12. The machine according to claim 11 wherein each said indentation is formed by angular surfaces on at least one of said two adjacent products and wherein each said first and second feed finger includes an angled feed surface adjacent said first axis, so that when said first and second feed fingers are in feeding engagement with said strip of products:

(1) portions of said angled feed surfaces of said first and second feed fingers are positioned within the indentation of said strip of products so that said strip of products is movable a small amount along said first axis while said first and second feed fingers are stationary and

(2) when said drive carriage effects moving of said first and second feed fingers, at least one of said angled feed surfaces engages the angular surface of the indentation and effects feeding of said strip of products along said first axis.

13. The machine according to claim 12 wherein each of said first and second feed fingers includes an inward end adjacent said angled feed surface thereof and an opposite outward end adjacent said pivotal attachment to said drive carriage, and

wherein said pivotal attachment of one said link to said first feed finger is effected at said inward end thereof, and said pivotal attachment of the other said link to said second feed finger is effected at said inward end thereof.

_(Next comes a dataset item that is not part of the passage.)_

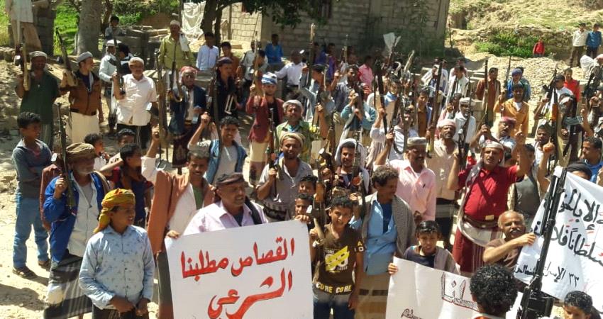 نظم المئات من ابناء مديرية القبيطة في لحج وقفة احتجاجية في منطقة الرما جنوبي المديرية بلحج

14. The feed mechanism according to claim 13 including:

(1) a drive stop attached to said drive carriage arranged to abut said follower carriage when said drive carriage is caused to undergo sliding movement in said feed direction thereby causing said follower carriage to move in said feed direction and

(2) a return stop attached to said follower carriage arranged to engage said drive carriage when said drive carriage is caused to undergo sliding movement in said return direction thereby causing said follower carriage to move in said return direction.

15. The feed mechanism according to claim 14 wherein said drive stop is adjustably attached to said drive carriage and arranged so that when said actuator causes said drive carriage to undergo sliding movement in said feed direction, said drive carriage moves a finite first distance toward said follower carriage until said drive stop engages said follower carriage, wherein movement in said feed direction causes said angled feed surfaces of said first and second feed fingers to mutually move toward said first axis and into feeding engagement with said strip of products.

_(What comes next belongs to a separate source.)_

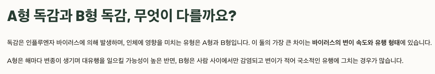 | 바이러스 유형 | H1N1, H3N2 등 다양한 아형 | Victoria, Yamagata 계통 |

16. The feed mechanism according to claim 15 wherein said return stop is adjustably attached to said follower carriage and arranged so that when said actuator causes said drive carriage to undergo sliding movement in said return direction said drive carriage moves a finite second distance away from said follower carriage until said return stop engages said drive carriage, wherein movement in said return direction causes said angled feed surfaces of said first and second feed fingers to mutually move away from said first axis and out of feeding engagement with said strip of products.

17. The feed mechanism according to claim 16 wherein said finite first distance equals said finite second distance.

18. The feed mechanism according to claim 17 including a carriage drag coupled to said frame and arranged to cause said follower carriage to resist undergoing sliding movement along said first axis until a minimum force is applied through one of either said feed stop and said return stop to said follower carriage to overcome the resistance and cause said follower carriage to undergo sliding movement along said first axis.

19. The feed mechanism according to claim 16 wherein said return stop is adjustable so that when said angled feed surfaces of said first and second feed fingers mutually move out of feeding engagement with said strip of products, said first and second feed fingers are spaced from said strip of products during all of the movement of said follower carriage in said return direction.

20. The machine according to claim 10 wherein movement of said feed fingers into feeding engagement is movement perpendicular to said first axis.